Both the lower layer and the enhancement layer shall use the “restricted slice structure” (no gaps between slices).

Figure 7-13 is a diagram of the video decoding process with spatial scalability The diagram is simplified for clarity.

Figure 7-13. Simplified motion compensation process for spatial scalability

7.7.1 Higher syntactic structures

In general the base layer of a spatial scalable hierarchy can conform to any coding standard including Recommendation ITU T H.261, ISO/IEC11172-2 this specification. Note however, that within this specification the decodability of a spatial scalable hierarchy is only considered in the case that the base layer conforms to this specification or ISO/IEC11172-2.

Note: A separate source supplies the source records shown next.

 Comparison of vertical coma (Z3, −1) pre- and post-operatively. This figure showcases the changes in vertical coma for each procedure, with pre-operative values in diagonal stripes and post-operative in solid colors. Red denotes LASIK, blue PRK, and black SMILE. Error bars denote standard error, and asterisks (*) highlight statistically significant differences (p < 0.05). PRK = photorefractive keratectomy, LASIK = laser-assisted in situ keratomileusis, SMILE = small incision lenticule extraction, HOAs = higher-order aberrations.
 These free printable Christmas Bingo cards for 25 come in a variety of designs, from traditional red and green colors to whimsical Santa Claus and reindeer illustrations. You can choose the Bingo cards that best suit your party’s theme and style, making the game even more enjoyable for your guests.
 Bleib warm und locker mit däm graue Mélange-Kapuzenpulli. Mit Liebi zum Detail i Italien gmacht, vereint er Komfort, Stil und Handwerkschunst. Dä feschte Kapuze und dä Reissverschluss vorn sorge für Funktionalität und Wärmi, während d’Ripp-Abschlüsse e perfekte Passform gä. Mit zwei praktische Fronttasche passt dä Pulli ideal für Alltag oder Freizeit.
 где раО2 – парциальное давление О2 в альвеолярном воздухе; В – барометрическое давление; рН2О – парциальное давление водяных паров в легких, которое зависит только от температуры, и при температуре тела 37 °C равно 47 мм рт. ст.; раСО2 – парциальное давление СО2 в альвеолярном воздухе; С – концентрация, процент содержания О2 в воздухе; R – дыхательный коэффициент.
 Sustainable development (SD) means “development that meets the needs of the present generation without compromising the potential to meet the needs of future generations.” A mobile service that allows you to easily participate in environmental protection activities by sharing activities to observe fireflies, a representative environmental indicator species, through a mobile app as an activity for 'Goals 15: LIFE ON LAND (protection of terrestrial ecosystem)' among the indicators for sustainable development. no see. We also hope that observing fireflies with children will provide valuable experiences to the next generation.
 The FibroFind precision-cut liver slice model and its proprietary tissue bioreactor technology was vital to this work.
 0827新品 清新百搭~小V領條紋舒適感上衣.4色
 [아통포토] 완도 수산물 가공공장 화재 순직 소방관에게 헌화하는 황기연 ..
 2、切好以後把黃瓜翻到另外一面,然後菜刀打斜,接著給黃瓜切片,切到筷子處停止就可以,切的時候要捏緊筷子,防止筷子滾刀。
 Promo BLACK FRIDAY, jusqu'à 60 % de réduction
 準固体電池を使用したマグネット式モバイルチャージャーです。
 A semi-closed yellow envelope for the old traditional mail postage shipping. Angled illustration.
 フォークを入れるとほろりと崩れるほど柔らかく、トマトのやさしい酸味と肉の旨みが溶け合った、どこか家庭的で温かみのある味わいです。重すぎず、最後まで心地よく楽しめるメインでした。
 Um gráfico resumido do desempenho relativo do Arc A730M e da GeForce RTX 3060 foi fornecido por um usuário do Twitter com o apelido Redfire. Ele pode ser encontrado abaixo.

Due to the “loose coupling” of layers only one syntactic restriction is needed in the enhancement layer if both lower and enhancement layer are interlaced. In that case picture_structure has to take the same value as in the reference frame used for prediction from the lower layer. See 7.7.3.1 for how to identify this reference frame.

7.7.2 Prediction in the enhancement layer

A motion compensated temporal prediction is made from reference frames in the enhancement layer as described in 7.6. In addition, a spatial prediction is formed from the lower layer decoded frame (d_lower[y][x]), as described in 7.7.3. These predictions are selected individually or combined to form the actual prediction.

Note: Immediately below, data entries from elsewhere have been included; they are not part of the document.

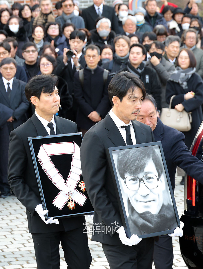 #정우성-이정재,안성기 영정과 훈장 들고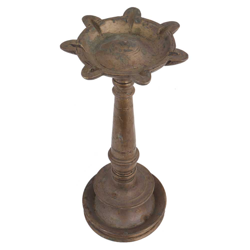 Brass Oil Lamp Segmented South Indian Lamp with oil container mounted on a stand is made by the expert craftsmen of India. hotel, restaurant, spa, wedding stage, inaugural function . Wedding gift, Anniversary gift, stage decoration, house warming gift or souvenir.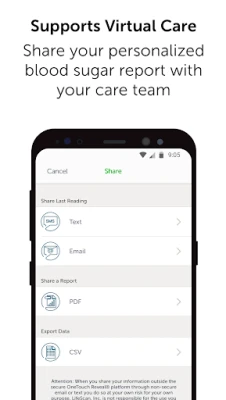 • Share your progress with your care team between visits – you can email your personalized diabetes report.
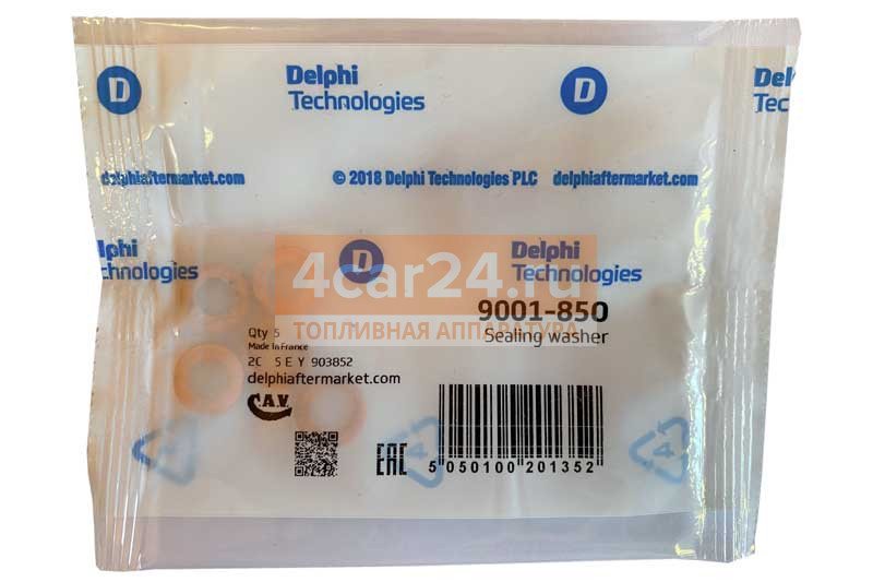 Шайбы медные теплозащитные, комплект 5 штук, - 9001-850 Delphi. Страна-производитель: Франция.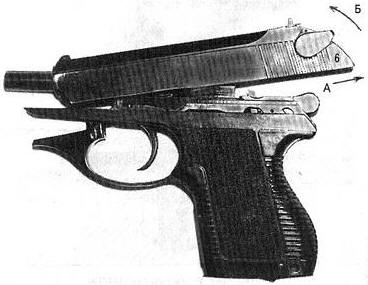 Отвести затвор назад (по направлению А) приподнять и снять движением вперед (по направлению Б)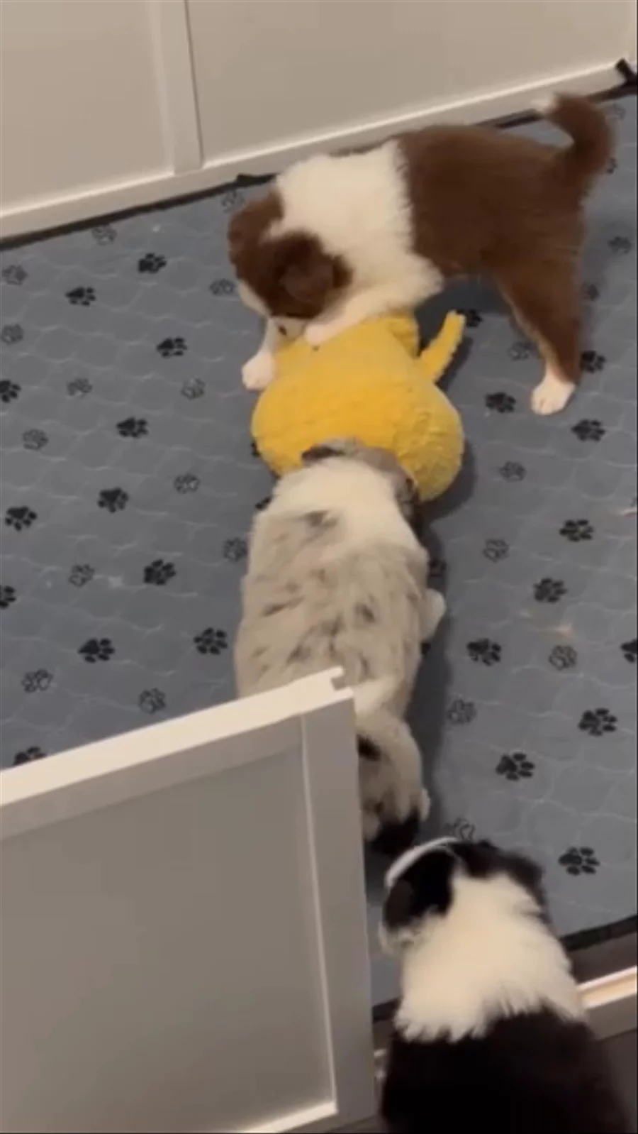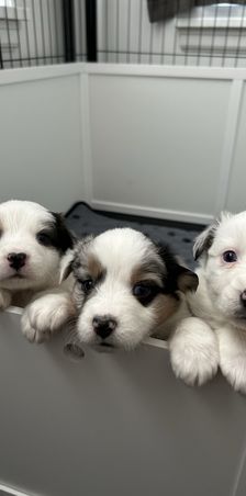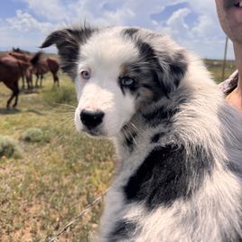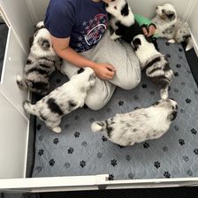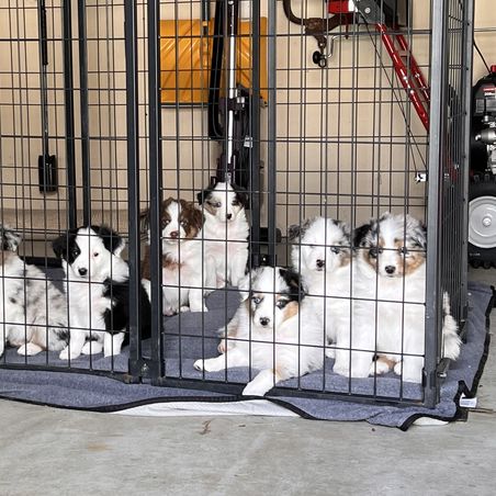 Our puppies include blue merle, black tri-color, and red tri-color. Colors will vary depending on the parent dogs.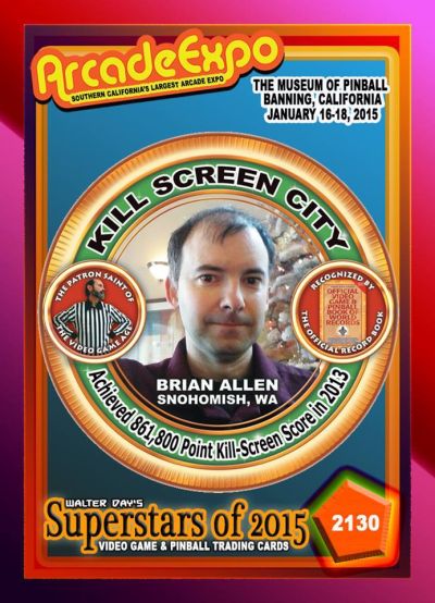 Our next Trading Card Spotlight features Brian Allen, who currently is displayed on card number 329, from the Superstars of 2012 Collection. Brian is also featured on cards 2130 and 2466. Brian is considered one of the best Donkey Kong and Donkey Kong Junior players in the world. He has accomplished the well-known ‘Kill Screen’ many times in Donkey Kong. He has his name in the record books for Donkey Kong Jr and Donkey Kong 3. Brian has had a personal tournament named after him called the ‘Allen-Off”. This battle between Allen Staal of Australia and Brian Allen of the U.S. Look for Brian at some of the Kong Off tournament, as he will surely be up there in the rankings.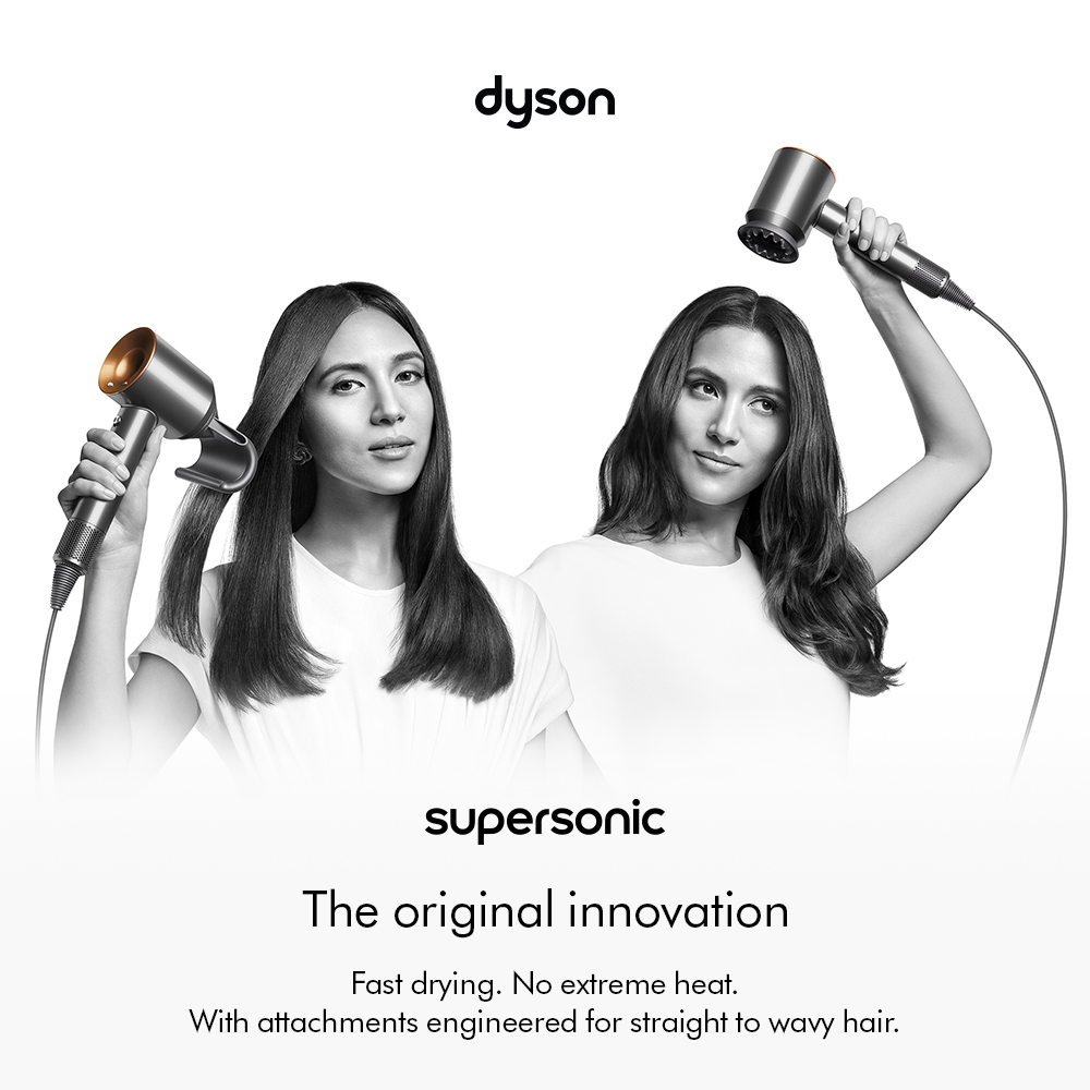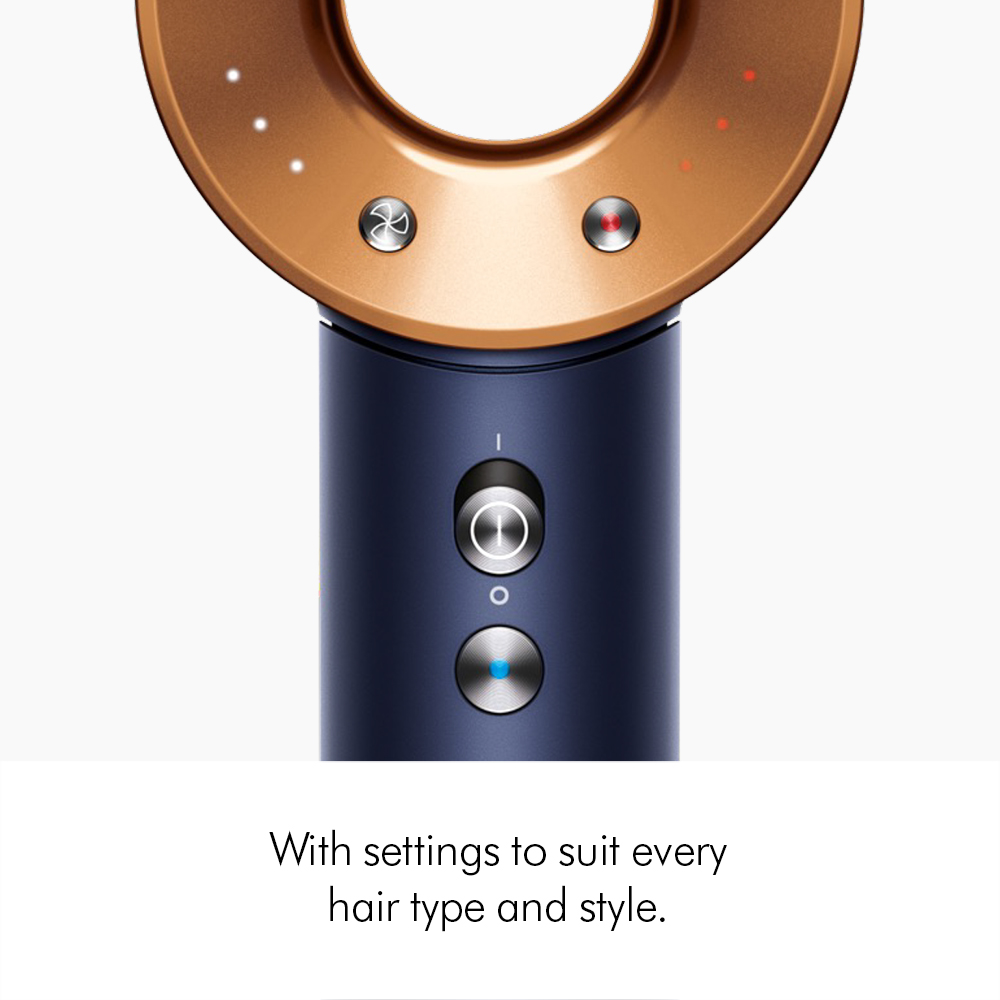 The Dyson Supersonic™ hair dryer measures air temperature over 40 times a second and regulates the heat. This helps prevent extreme heat damage, to protect your hair’s shine.

In general up to four separate predictions are formed for each macroblock which are combined together to form the final prediction macroblock p[y][x].

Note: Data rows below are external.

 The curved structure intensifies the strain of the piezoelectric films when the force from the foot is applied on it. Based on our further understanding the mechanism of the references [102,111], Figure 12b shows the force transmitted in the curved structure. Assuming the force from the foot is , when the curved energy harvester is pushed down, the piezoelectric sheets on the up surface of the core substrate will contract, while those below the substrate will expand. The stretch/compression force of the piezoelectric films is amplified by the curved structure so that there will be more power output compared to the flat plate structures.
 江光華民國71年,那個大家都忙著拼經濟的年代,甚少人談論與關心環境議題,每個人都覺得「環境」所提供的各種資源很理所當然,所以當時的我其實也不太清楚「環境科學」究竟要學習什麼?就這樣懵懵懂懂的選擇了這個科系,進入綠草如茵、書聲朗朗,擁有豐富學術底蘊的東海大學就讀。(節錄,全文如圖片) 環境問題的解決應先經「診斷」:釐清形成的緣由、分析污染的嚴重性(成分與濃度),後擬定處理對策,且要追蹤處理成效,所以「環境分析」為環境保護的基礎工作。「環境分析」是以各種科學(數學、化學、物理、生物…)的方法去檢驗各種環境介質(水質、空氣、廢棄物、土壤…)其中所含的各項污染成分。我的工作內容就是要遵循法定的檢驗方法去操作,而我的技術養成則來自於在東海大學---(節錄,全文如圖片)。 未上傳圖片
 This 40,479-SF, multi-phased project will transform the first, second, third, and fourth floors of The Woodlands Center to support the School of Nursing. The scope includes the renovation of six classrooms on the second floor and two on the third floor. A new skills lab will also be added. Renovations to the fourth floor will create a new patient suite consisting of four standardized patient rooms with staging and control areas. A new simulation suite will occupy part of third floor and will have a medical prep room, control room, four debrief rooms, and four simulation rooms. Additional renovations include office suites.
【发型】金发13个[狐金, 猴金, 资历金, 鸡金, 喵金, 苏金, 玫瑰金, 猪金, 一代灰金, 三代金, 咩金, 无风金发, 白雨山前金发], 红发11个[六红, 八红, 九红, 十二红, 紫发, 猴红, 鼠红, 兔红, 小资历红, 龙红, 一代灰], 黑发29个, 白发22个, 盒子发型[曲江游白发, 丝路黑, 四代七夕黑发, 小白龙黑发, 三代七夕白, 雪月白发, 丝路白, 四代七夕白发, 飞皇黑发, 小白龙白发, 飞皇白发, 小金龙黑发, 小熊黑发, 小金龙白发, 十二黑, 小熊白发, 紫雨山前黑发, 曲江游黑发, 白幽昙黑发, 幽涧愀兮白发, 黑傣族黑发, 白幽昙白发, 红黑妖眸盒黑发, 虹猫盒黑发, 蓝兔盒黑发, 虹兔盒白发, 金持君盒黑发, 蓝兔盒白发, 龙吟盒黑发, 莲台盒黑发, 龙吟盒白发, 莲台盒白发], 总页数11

In the case that a macroblock is not coded, either because the entire macroblock is skipped or the specific macroblock is not coded there is no coefficient data. In this case f[y][x] is zero and the decoded samples are simply the prediction, p[y][x].

7.7.3 Formation of spatial prediction

Forming the spatial prediction requires identification of the correct reference frame and definition of the spatial resampling process, which is done in the following clauses.

The resampling process is defined for a whole frame, however, for decoding of a macroblock, only the 16x16 region in the upsampled frame, which corresponds to the position of this macroblock, is needed.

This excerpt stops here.